#### Exercise description
This task calls for copying each line below that contains "have".

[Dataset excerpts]

——————

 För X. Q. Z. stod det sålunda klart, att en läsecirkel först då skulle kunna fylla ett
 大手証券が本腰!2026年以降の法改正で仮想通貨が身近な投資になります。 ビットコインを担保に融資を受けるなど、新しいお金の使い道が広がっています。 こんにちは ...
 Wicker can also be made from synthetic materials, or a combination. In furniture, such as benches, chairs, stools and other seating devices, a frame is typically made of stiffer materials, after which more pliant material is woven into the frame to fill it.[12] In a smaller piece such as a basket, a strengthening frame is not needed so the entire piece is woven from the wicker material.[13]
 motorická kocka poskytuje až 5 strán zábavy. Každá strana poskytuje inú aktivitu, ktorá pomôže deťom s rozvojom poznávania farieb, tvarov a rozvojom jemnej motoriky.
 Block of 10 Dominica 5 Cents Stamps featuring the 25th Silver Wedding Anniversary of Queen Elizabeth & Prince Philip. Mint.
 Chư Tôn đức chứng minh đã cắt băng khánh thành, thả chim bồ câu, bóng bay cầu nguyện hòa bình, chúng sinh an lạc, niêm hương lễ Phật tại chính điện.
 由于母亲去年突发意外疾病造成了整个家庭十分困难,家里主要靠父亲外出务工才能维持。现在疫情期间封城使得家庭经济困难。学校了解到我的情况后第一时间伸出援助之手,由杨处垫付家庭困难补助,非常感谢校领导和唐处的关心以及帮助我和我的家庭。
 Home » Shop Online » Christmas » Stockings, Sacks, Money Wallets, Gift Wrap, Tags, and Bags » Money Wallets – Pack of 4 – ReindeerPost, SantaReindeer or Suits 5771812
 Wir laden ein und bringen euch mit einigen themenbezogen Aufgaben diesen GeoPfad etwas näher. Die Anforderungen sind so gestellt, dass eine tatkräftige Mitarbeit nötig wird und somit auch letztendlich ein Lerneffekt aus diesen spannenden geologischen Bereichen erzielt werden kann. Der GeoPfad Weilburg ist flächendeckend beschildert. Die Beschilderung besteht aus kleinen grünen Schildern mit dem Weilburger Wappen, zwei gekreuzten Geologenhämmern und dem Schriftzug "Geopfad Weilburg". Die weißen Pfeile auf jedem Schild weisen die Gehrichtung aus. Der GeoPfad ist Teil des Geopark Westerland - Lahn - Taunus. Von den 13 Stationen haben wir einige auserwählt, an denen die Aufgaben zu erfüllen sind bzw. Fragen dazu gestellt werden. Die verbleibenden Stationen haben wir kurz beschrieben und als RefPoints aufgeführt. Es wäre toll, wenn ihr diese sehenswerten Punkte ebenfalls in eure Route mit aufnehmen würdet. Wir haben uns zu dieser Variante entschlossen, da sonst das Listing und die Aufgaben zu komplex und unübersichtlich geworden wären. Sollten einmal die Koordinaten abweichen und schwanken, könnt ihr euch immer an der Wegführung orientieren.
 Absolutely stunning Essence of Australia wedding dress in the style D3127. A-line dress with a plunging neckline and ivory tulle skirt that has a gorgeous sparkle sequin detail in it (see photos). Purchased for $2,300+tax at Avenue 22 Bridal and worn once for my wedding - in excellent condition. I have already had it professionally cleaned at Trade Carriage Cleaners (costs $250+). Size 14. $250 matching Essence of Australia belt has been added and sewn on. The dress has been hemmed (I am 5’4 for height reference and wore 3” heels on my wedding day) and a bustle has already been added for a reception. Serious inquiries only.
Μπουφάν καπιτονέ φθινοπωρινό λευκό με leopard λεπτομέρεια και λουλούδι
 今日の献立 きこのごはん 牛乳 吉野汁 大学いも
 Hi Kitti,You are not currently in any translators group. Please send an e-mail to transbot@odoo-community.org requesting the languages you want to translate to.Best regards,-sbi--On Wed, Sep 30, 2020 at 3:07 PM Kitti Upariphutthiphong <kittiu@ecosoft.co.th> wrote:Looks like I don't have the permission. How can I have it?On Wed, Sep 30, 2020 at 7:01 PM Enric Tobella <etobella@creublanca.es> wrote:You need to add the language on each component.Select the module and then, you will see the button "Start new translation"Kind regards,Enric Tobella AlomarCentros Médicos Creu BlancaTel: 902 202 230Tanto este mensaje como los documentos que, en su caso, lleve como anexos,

——————

#### Problem solution
 Absolutely stunning Essence of Australia wedding dress in the style D3127. A-line dress with a plunging neckline and ivory tulle skirt that has a gorgeous sparkle sequin detail in it (see photos). Purchased for $2,300+tax at Avenue 22 Bridal and worn once for my wedding - in excellent condition. I have already had it professionally cleaned at Trade Carriage Cleaners (costs $250+). Size 14. $250 matching Essence of Australia belt has been added and sewn on. The dress has been hemmed (I am 5’4 for height reference and wore 3” heels on my wedding day) and a bustle has already been added for a reception. Serious inquiries only.
 Hi Kitti,You are not currently in any translators group. Please send an e-mail to transbot@odoo-community.org requesting the languages you want to translate to.Best regards,-sbi--On Wed, Sep 30, 2020 at 3:07 PM Kitti Upariphutthiphong <kittiu@ecosoft.co.th> wrote:Looks like I don't have the permission. How can I have it?On Wed, Sep 30, 2020 at 7:01 PM Enric Tobella <etobella@creublanca.es> wrote:You need to add the language on each component.Select the module and then, you will see the button "Start new translation"Kind regards,Enric Tobella AlomarCentros Médicos Creu BlancaTel: 902 202 230Tanto este mensaje como los documentos que, en su caso, lleve como anexos,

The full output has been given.